Speaker
Description
Detailed detector simulation is the major consumer of CPU resources at LHCb, having used more than 80% of the total computing budget during Run 2 of the Large Hadron Collider at CERN. As data is collected by the upgraded LHCb detector during Run 3 of the LHC, larger requests for simulated data samples are necessary, and will far exceed the pledged resources of the experiment, even with existing fast simulation options. An evolution of technologies and techniques to produce simulated samples is mandatory to meet the upcoming needs of analysis to interpret signal versus background and measure efficiencies. In this context, we propose Lamarr, a Gaudi-based framework designed to offer to LHCb the fastest solution for simulations.
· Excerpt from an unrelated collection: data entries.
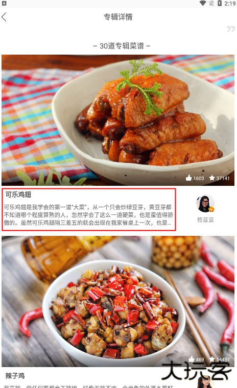 2、我们点开一个专辑可以看到某道菜的介绍和心得;
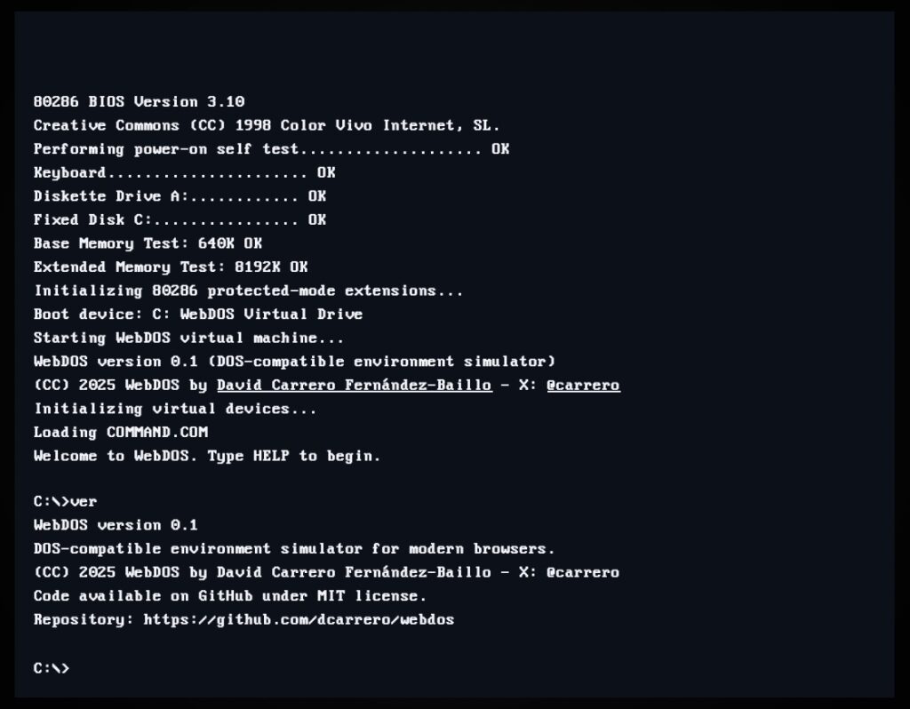 Nace WebDOS, un entorno DOS-like que corre directamente en el navegador y recrea la experiencia de un PC de finales de los 80 sin depender de la red. El proyecto —publicado por David Carrero Fernández-Baillo bajo licencia MIT— mezcla convenciones clásicas de línea de comandos con capacidades modernas del web runtime, construyendo un sandbox nostálgico para explorar interacciones retro por puro placer o con fines educativos.
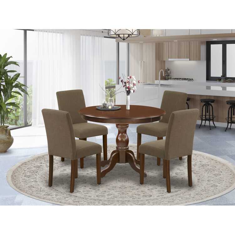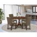 • 5 Piece Round Dining Set - Kitchen Table & 4 Chairs - Mahogany Finish image - 1
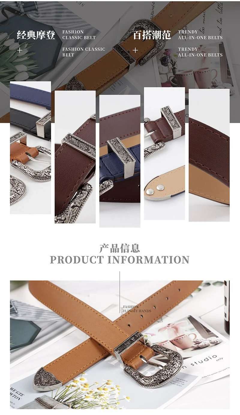 Повседневный Модный Универсальный женский ремень в стиле ретро с гравировкой, неправильной пряжкой, ремень для джинсов, ремень для платья
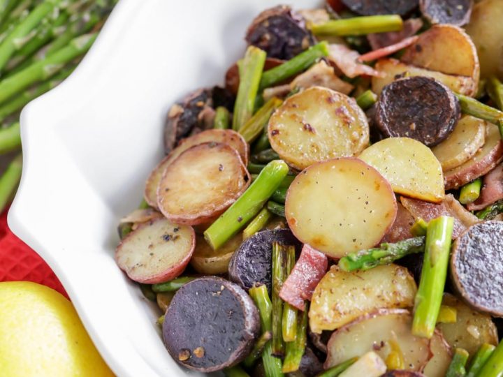 If you're looking for lighter fare than traditional mashed potatoes and stuffing, this Asparagus and Tater Toss is just right! It's quick to make with tiny fingerling potatoes.
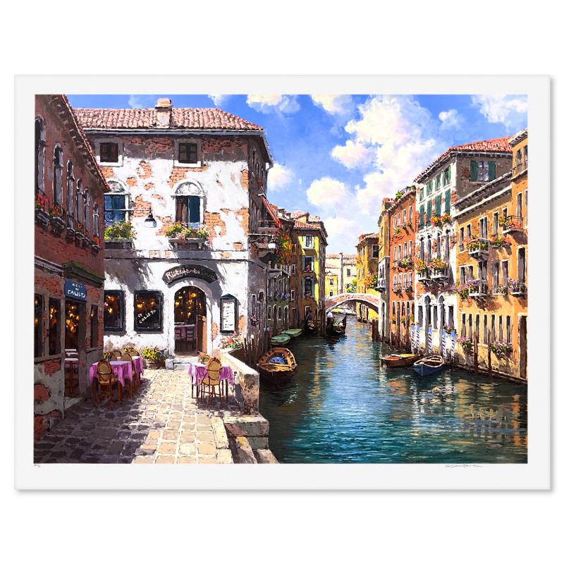 "Venetian Colors" is a limited edition printer's proof serigraph on paper by Sam Park, numbered 1/4 and hand signed by the artist. Includes Letter of Authenticity. Measures approx. 38.5" x 50" (border), 34" x 46" (image).

Lamarr consists of a pipeline of modules parametrizing both the detector response and the reconstruction algorithms of the LHCb experiment. Most of the parameterizations are made of Deep Generative Models and Gradient Boosted Decision Trees trained on simulated samples or alternatively, where possible, on real data. Embedding Lamarr in the general LHCb Gauss Simulation framework allows combining its execution with any of the available generators in a seamless way.
Lamarr has been validated by comparing key reconstructed quantities with Detailed Simulation. Good agreement of the simulated distributions is obtained with two-order-of-magnitude speed-up of the simulation phase.